В 1904 году Международный женский совет на съезде в Берлине образовал Международный союз избирательных прав женщин, к нему присоединились национальные женские союзы США, Великобритании, Норвегии, Дании, Голландии, Германии, Австрии. В 1906 году примкнули Россия, Канада, Италия. В том же 1906-м финские женщины были уравнены в политических правах с мужчинами, в 1907-м это случилось и с норвежками. В России же процесс освобождения женщин замер после революции 1905 года. Всероссийский союз равноправия женщин выступил в 1905–1906-м и приостановил свою деятельность в 1908 году. Только в 1909-м в Петербурге была легально учреждена Российская лига равноправия женщин. На это с 1860-х ушло полвека: основательнице женского движения в России Анне Философовой было уже 72 года.

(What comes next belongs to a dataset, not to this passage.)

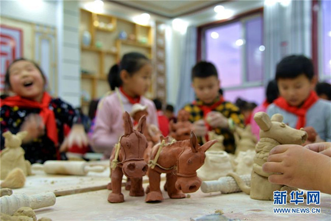 12月16日,清水河縣城關(guān)鎮(zhèn)第一小學(xué)學(xué)生在制作陶器。新華社記者 徐欽 攝

Русская литература модернизма к феминизму относилась сочувственно. Начинающая Зинаида Гиппиус писала о пересмотре ролей партнеров в любви, отказываясь от традиционных формул. Мирра Лохвицкая, а вслед за нею десятки ее последовательниц утверждали эмансипацию чувства. В журнале «Женское дело», выходившем в 1910–1917 годах, участвовали писатели Бронислава Рунт, Валерий Брюсов, Анна Мар, Нелли Львова, Всеволод Чешихин, Сергей Глаголь, Юлий Бунин, Борис Зайцев, Ариадна Тыркова, Николай Телешов, Рахель Хин, Татьяна Щепкина-Куперник и другие.

Весьма возможно, интерес Гуро к темам феминизма как-то соотнесен с ее ежегодным летним пребыванием на даче в Финляндии, где женщины теперь уже обрели равноправие с мужчинами. Не исключено, что рассказ Елены Гуро «Так жизнь идет», вышедший в 1909 году в первой ее книге «Шарманка», возник в некоторой связи с запретом 1908 года на женское движение в России. В этом рассказе глубоко исследуется природа женского подчинения.

«Шарманка» посвящена жизни города, и через часть ее текстов проходит героиня-подросток, зачарованная и влекомая тайной города. В рассказе «Так жизнь идет» эта тайна разгадывается. Город оказывается построенным на унижении женщины и на возвышении мужчины. Мужчина властен над женщиною, инструменты этой власти – унижение и стыд.

Отчим бьет хлыстом героиню, подростка Нельку, за то, что та без спросу ушла гулять, а затем пользуется ее услугами. Мужчины неприкосновенно-самодовольны, у них одна мысль, остановившаяся: «Все – мое, это – я, иду – я» (с. 33)[16]. А женщины – у них жизнь без «завтра»: «И забота, и воля, и тяжкий выбор были не на них, не на них – а на них были – хлыст да вино, смех да визг…» (там же).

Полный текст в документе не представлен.